Rechtspraak
Rechtbank Rotterdam (Locatie Rotterdam), 20 oktober 2022
ECLI:NL:RBROT:2022:8852
Feiten
Werknemer is op 9 november 2009 (opnieuw) in dienst getreden bij werkgeefster. Namens werkgeefster is aangifte van diefstal gedaan bij de politie van een pallet met dozen kitkokers. De politie heeft werkgeefster op 15 juni 2022 medegedeeld werknemer als verdachte aan te merken en hem ontboden op het bureau voor verhoor. Werkgeefster heeft vervolgens op 16 juni 2022 werknemer op staande voet ontslagen voor betrokkenheid bij de verdwijningen of een zeer ernstige mate van plichtsverzuim, in samenhang met zijn houding en handelswijze.
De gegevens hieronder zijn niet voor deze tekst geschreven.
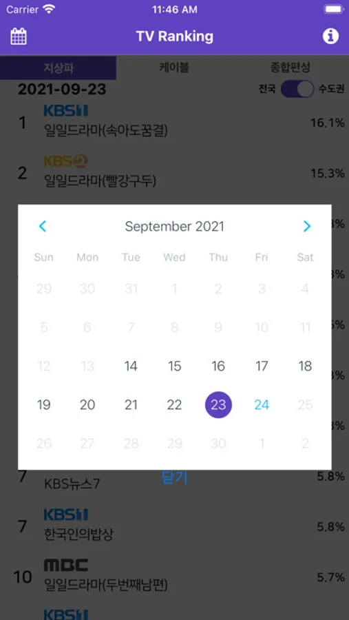 어제 방송된 TV 프로그램의 시청률이 궁금하세요?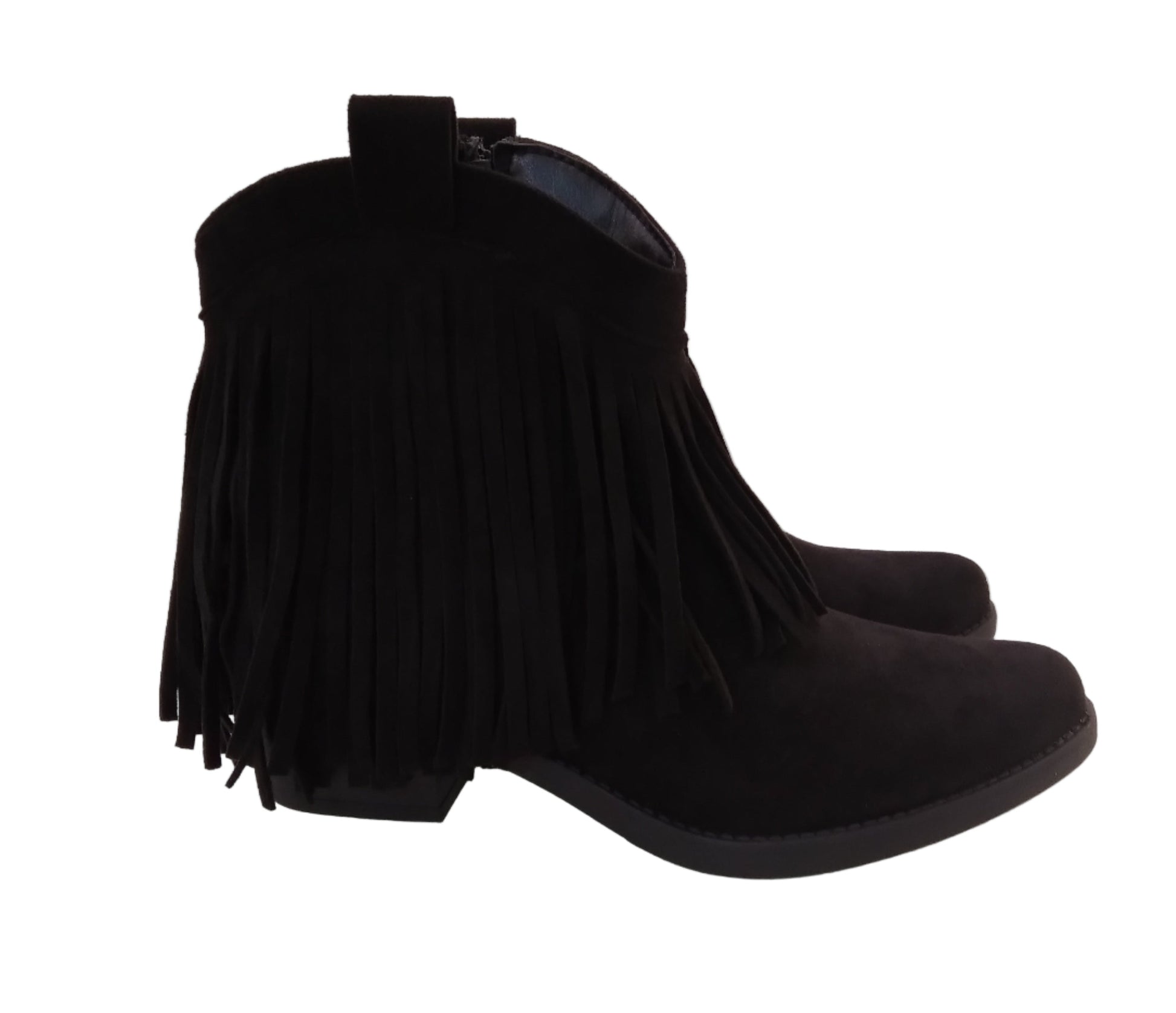 Lo stivaletto con il tacco di 5 cm e le frange è perfetto per un look elegante e moderno. Le frange aggiungono un tocco di stile, mentre il tacco di 5 cm permette di camminare comodamente. Ideale per ogni occasione e adatto a ogni piede.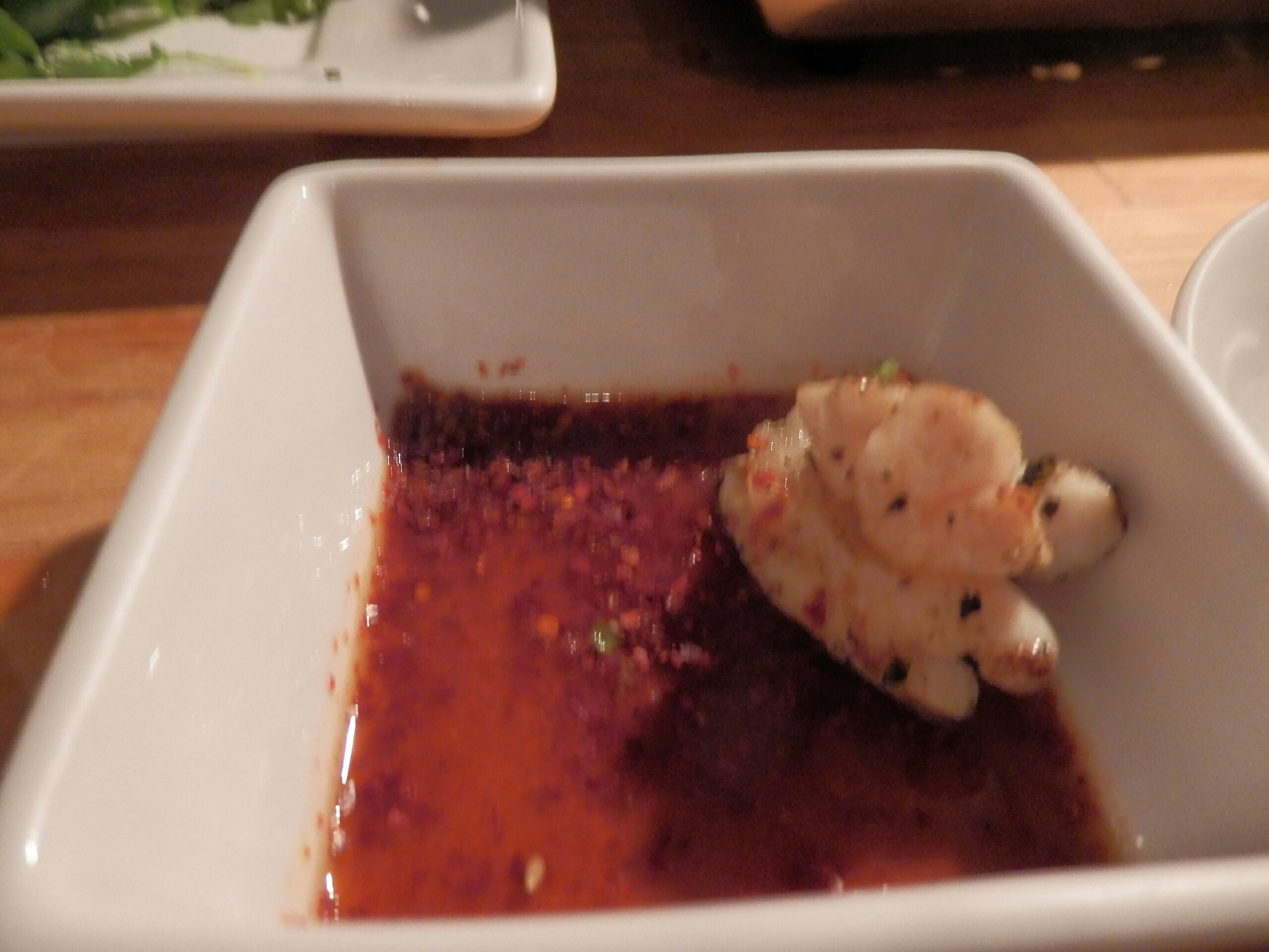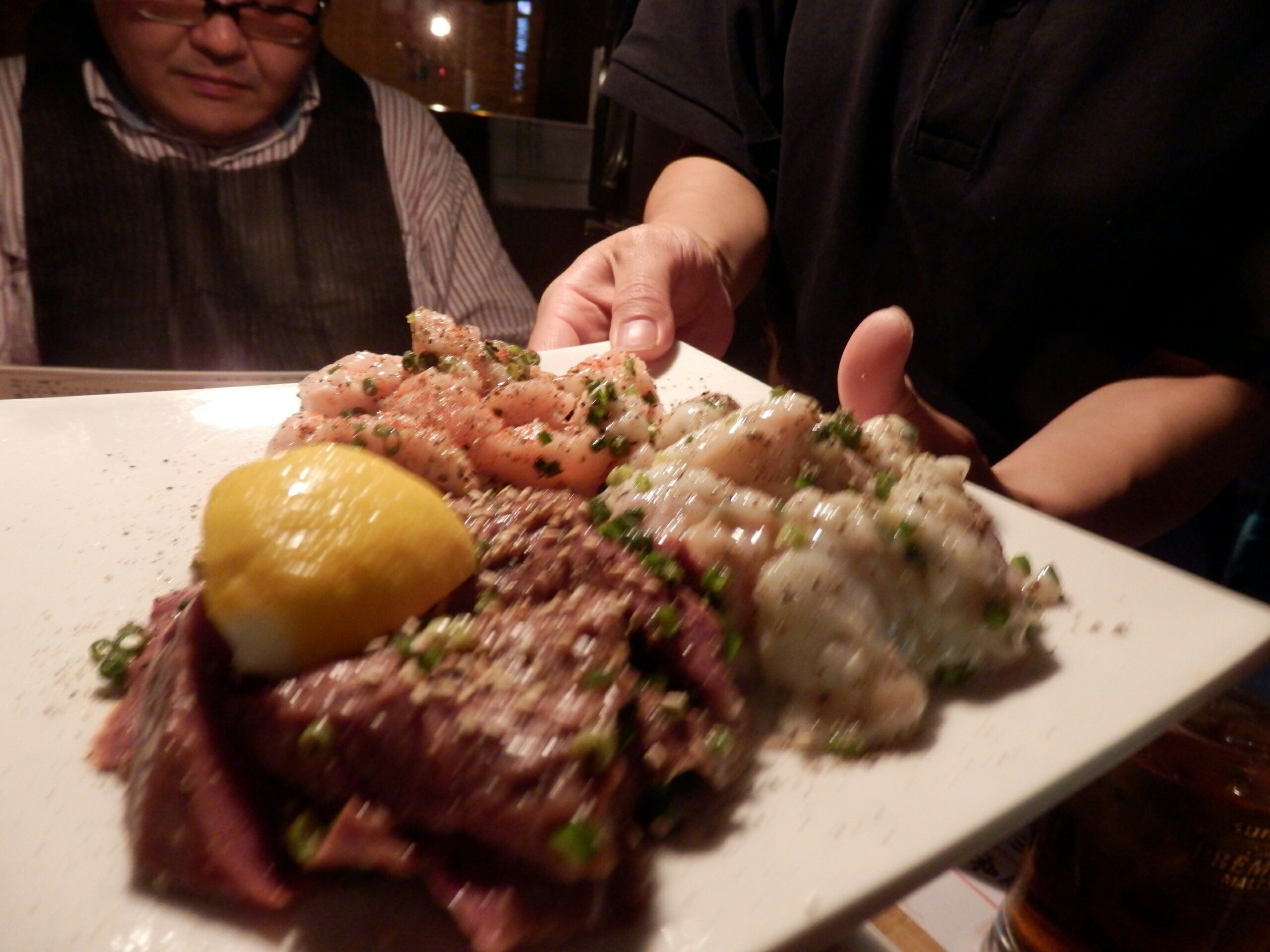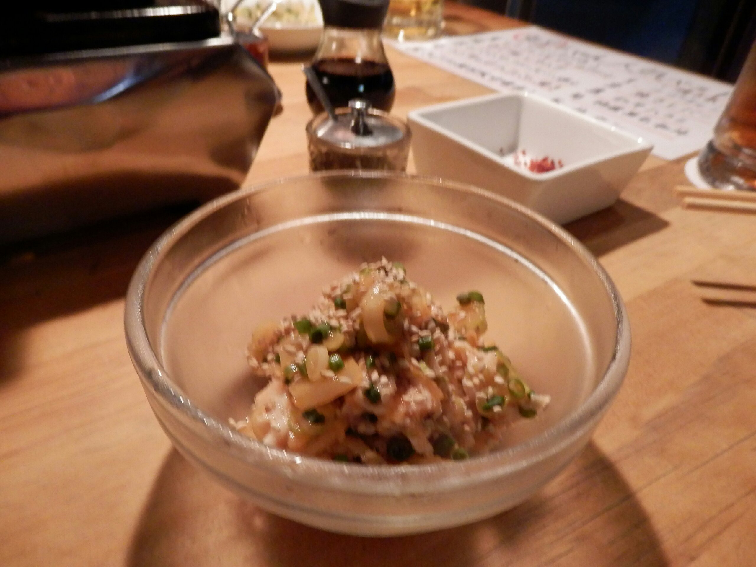 店員さんからオススメを教えてもらった中で注文した生の肉のなんか?正式なメニューの名称は覚えてません。写真では5切れしかありませんが、これは私が思わず一切れ食べてしまったためで最初は6切れでした。あまりのおいしさに感動。4人で6切れだったので、あとでまた頼もうと決意。でも結局いろいろ頼んでお腹いっぱいで結局一切れしか食べられなかったのが残念です。

Werknemer vordert o.a. vernietiging van het ontslag op staande voet.
Oordeel
Als werknemer bij de verdwijning van de pallets met kit betrokken is geweest dan rechtvaardigt dat het ontslag op staande voet. Werknemer heeft echter gemotiveerd weersproken dat hij betrokken is geweest bij de (vermeende) verdwijning van de pallets. Behalve de ontkenning heeft hij daartoe aangevoerd dat hij dat niet ongezien zou hebben kunnen doen, dat zijn bestelwagen daarvoor niet is gebruikt en dat hij de aanbieder van de kit niet kent. Tegenover deze betwisting is het aan werkgeefster om te bewijzen dat werknemer de pallets met kit heeft weggenomen en/of bij de verdwijning daarvan betrokken is geweest. Dat bewijs is (nog) niet geleverd. Uit de overgelegde stukken blijkt niet de benodigde redelijke en voldoende mate van zekerheid dat werknemer betrokken is bij de verdwijning van pallets. Dat er een verdenking rust op werknemer mag zo zijn, maar dat is onvoldoende voor de gestelde dringende reden. Werkgeefster wordt toegelaten tot het leveren van (nader) bewijs.